After the initiative was “deprioritized” by the new administration, a collaboration between the Colombian government and Ripple Labs to put land titles on the blockchain appears to have ended.
Just two weeks before the newly elected president Gustavo Petro took the oath of office, the Ministry of Information Technology and Communications of the departing administration first announced the project but that got changed as soon as the government changed.
Earlier in July, the government announced that they would start using a new system that will be able to store and authenticate property titles using a new system that makes use of the Ripple Ledger. The National Land Agency hopes to use the technology, which was created by a third-party business named Peersyst Technology, to issue a record number of land adjudications for citizens.
But now as the government has changed they have decided to discard this decision as the project didn’t seem to be going anywhere. Juan Manuel Noruega Martnez who is the interim director of the agency said “The project is not one of the National Lands Agency’s strategic goals for 2022”.
In a written statement made in Spanish, he stated, “This isn’t one of the programs described in the PETI (Strategic Plan for Information Technologies).
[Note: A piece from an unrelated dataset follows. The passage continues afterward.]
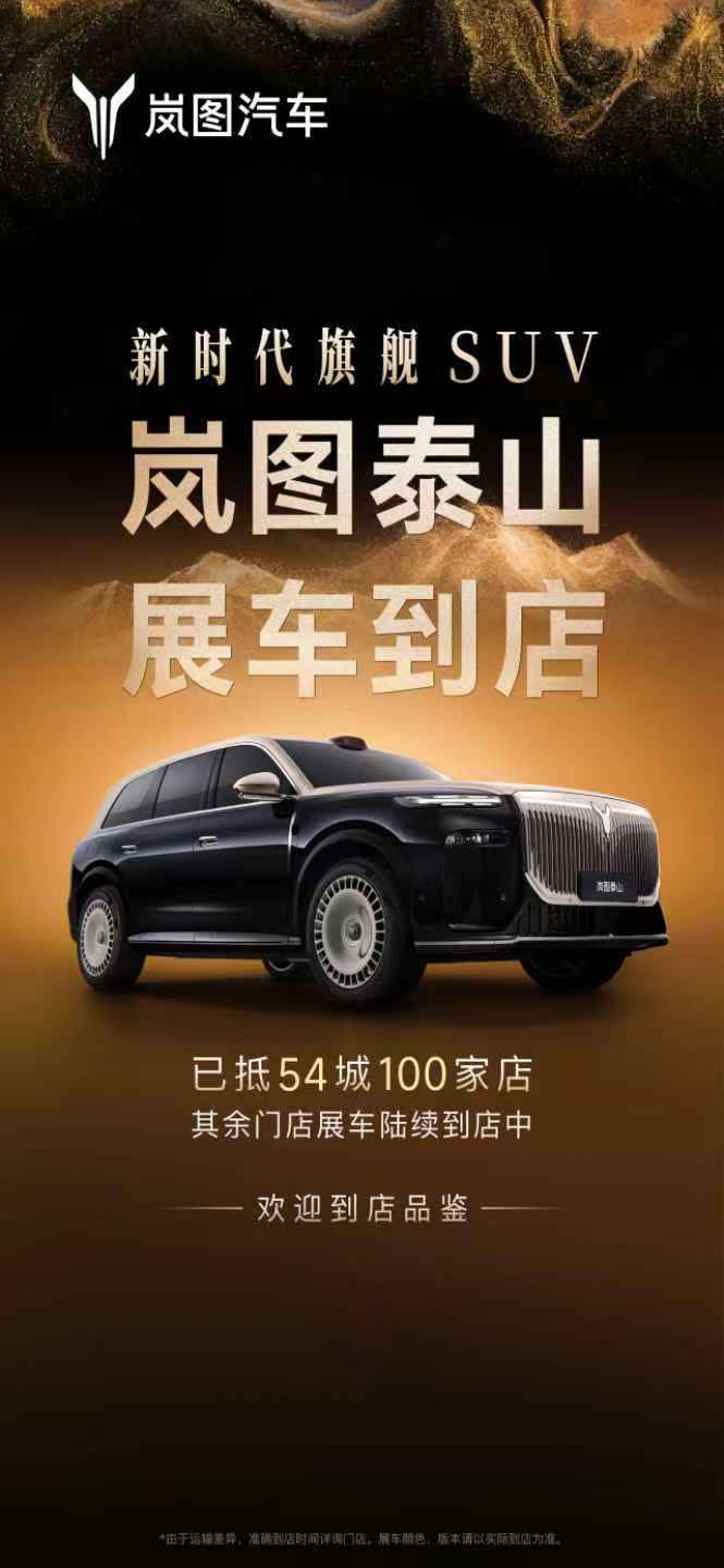 今日,岚图泰山首批量产车已正式抵达全国100家岚图空间与体验店,覆盖北京、上海、深圳、武汉、成都、杭州等54座城市。岚图

The co-founder of Blockchain Colombia (it is a blockchain and crypto entrepreneurs community) also said that “There’s a high chance that this decision is politically dead”
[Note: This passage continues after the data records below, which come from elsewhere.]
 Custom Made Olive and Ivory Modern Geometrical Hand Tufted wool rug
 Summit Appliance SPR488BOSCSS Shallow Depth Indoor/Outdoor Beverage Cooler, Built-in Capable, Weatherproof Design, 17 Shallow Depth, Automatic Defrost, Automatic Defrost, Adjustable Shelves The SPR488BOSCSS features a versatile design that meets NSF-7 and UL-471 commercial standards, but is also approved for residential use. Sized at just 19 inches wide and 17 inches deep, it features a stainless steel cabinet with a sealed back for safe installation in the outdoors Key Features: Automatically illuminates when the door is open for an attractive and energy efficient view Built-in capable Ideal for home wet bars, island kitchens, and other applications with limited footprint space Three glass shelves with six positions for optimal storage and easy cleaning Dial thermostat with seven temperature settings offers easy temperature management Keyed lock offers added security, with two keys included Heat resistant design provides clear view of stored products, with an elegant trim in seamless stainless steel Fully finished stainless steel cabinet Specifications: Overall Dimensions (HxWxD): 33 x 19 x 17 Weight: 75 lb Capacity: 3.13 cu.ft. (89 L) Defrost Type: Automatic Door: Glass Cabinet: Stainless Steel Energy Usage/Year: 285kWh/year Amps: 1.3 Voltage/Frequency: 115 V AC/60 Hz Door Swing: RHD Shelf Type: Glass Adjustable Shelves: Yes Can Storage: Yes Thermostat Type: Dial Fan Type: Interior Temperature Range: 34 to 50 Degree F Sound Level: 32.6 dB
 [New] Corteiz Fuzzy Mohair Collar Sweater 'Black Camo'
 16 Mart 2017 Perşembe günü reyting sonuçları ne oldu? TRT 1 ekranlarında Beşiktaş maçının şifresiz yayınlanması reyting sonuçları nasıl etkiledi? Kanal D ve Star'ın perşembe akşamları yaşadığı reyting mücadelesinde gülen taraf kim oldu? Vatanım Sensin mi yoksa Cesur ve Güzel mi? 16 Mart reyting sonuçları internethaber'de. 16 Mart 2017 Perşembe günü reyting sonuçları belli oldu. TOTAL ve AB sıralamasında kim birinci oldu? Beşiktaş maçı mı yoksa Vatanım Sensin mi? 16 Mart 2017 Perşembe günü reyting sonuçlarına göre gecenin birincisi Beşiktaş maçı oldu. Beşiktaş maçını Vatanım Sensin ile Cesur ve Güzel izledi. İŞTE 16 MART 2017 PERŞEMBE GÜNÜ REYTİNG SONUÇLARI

What was Ripple being used originally?
Ripple is a cryptocurrency that was released in the year 2012. It is known as a real-time gross settlement system and has gained huge popularity because of its work with financial services. This collaboration with the real estate department could have been a great deal especially when there are a lot of legal issues going on in the USA on ripple.
This new system was supposed to enable the issuance of land-related papers and the authentication of those documents without the need for outside parties.
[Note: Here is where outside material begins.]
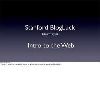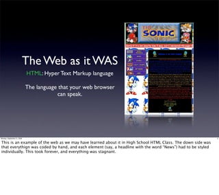 This document provides an introduction to the web and content management systems like WordPress. It discusses how the web has evolved from static HTML pages to dynamic sites powered by CSS, PHP, and SQL. WordPress is introduced as a popular content management system that combines these technologies to allow non-technical users to easily manage and update websites. Key WordPress concepts like posts, pages, themes, plugins and widgets are also overviewed.
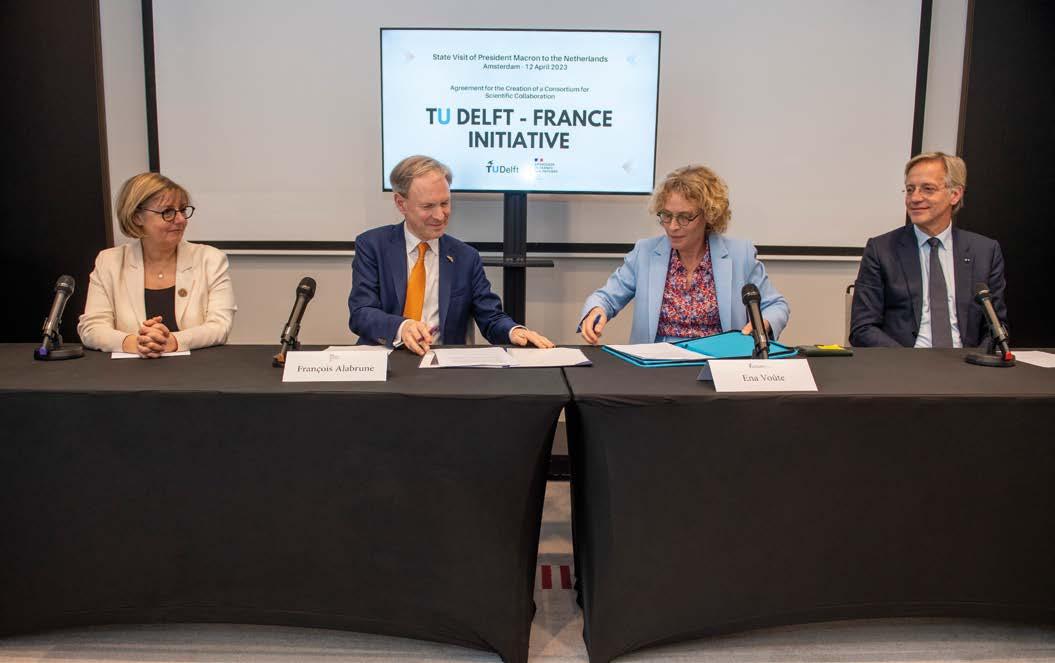 Het convenant is door Ena Voûte (TU Delft) en François Alabrune (Franse ambassadeur in Nederland) ondertekend in het bijzijn van de Franse minister van Onderwijs Sylvie Retailleau en de Nederlandse minister van Onderwijs Robbert Dijkgraaf. Foto door TU Delft.

The concept incorporated the ripple-based approach to help many landowners who still lack official documents proving their ownership of the land they live on normalize their status. To provide confidence in the solution chosen by Colombia, Peersyst Technology stated that this solution was supposed to certify more than 100,000 land adjudications.
The history of land rights in Colombia has been a long and exhausting one. According to the UN Refugee Agency, almost 7 million people were internally displaced throughout the years of drug warfare and FARC terrorist strikes.
Property rights were once again a political priority following the historic peace agreement signed in 2016 between the Colombian government and the Revolutionary Armed Forces of Colombia (FARC), which called for a thorough land reform to address Colombia’s rural and indigenous communities’ feelings of dehumanization.
The collaboration with Ripple and Peersyst aimed to expand on that by utilizing blockchain technology to make it simpler for consumers to examine land deeds involved in adjudication disputes. The blockchain system they developed was initially intended to register properties awarded by court adjudication, which is prevalent in Colombia as a result of the 2016 peace agreement.
The project appears to have been given almost zero priority by the new administration, despite ongoing negotiations between the businesses and government organizations.
Similar steps were taken by other countries
By using blockchain to record every interaction, the Brazilian Blockchain Network, a project that wants to create a shared infrastructure for institutions to build apps on, promises to increase the transparency of how the government operates.
Similar to this, a cryptocurrency bill passed by the Panamanian National Assembly included a plan to develop a blockchain-based ID system to make it easier for people in the nation to access ID-related services. However, president Laurentino Cortizo partially vetoed the bill due to concerns about money laundering.